- Opening Delimiter -

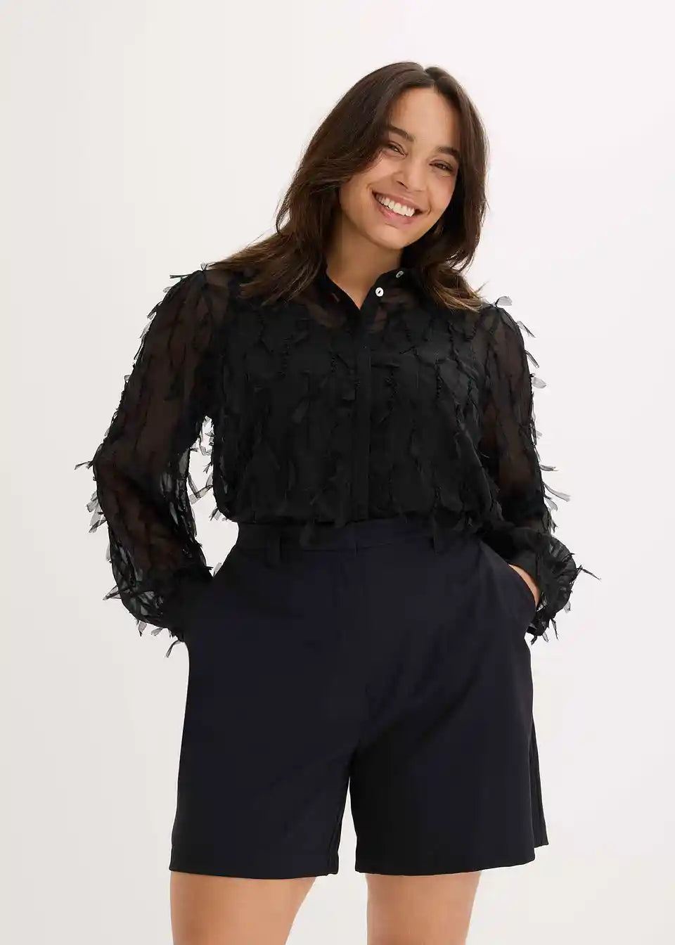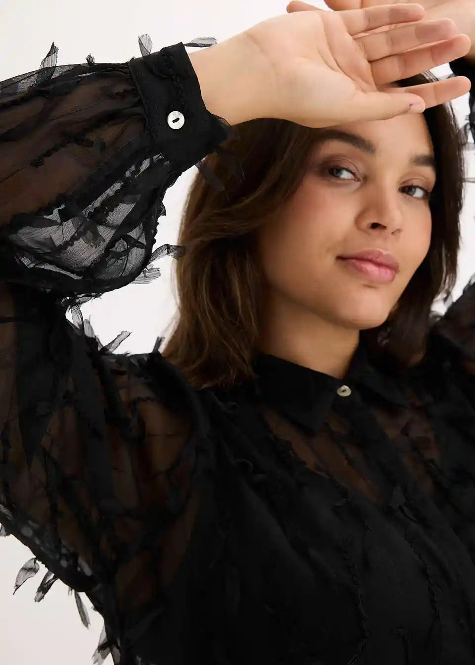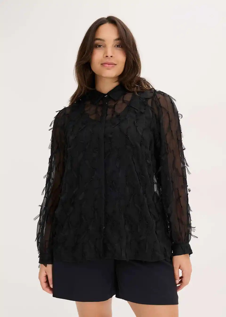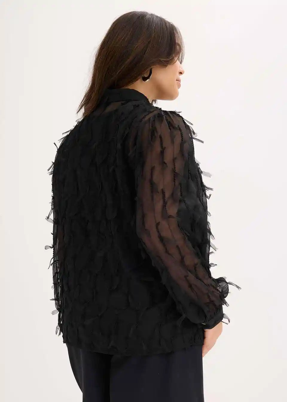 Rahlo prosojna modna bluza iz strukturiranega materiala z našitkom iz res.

- Closing Delimiter -
- Opening Delimiter -

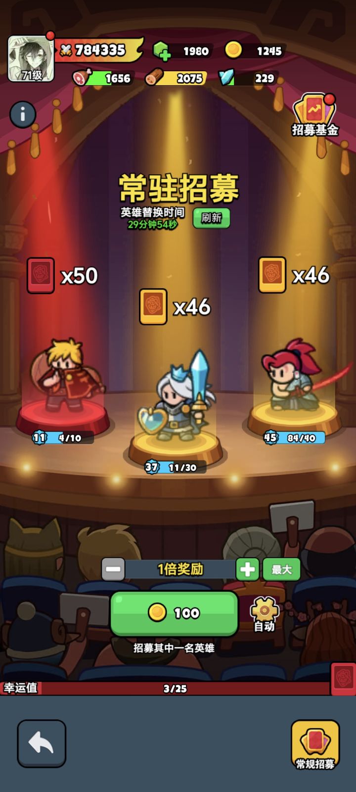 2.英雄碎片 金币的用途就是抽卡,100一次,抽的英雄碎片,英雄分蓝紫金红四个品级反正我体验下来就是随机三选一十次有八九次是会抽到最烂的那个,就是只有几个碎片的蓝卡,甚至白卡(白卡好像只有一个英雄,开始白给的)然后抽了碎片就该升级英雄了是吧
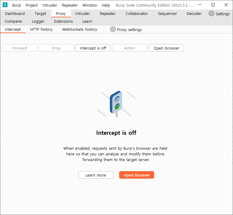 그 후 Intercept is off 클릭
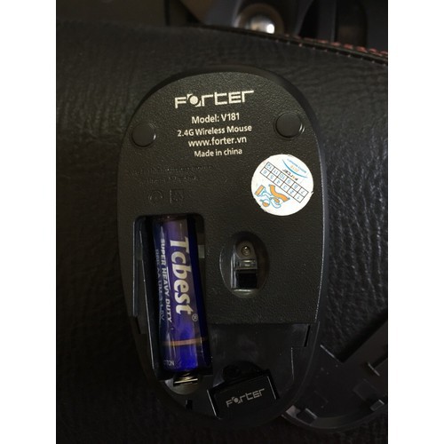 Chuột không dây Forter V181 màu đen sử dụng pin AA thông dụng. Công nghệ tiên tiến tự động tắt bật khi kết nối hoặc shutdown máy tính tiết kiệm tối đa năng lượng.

- Closing Delimiter -

- DESCRIPTION OF THE TASK -
Look above for the line containing "그 후 Intercept is off 클릭", then write out every line from there down to the line containing "Chuột không dây", that line included, with no pictures.

- OUTPUT -
 그 후 Intercept is off 클릭
 Chuột không dây Forter V181 màu đen sử dụng pin AA thông dụng. Công nghệ tiên tiến tự động tắt bật khi kết nối hoặc shutdown máy tính tiết kiệm tối đa năng lượng.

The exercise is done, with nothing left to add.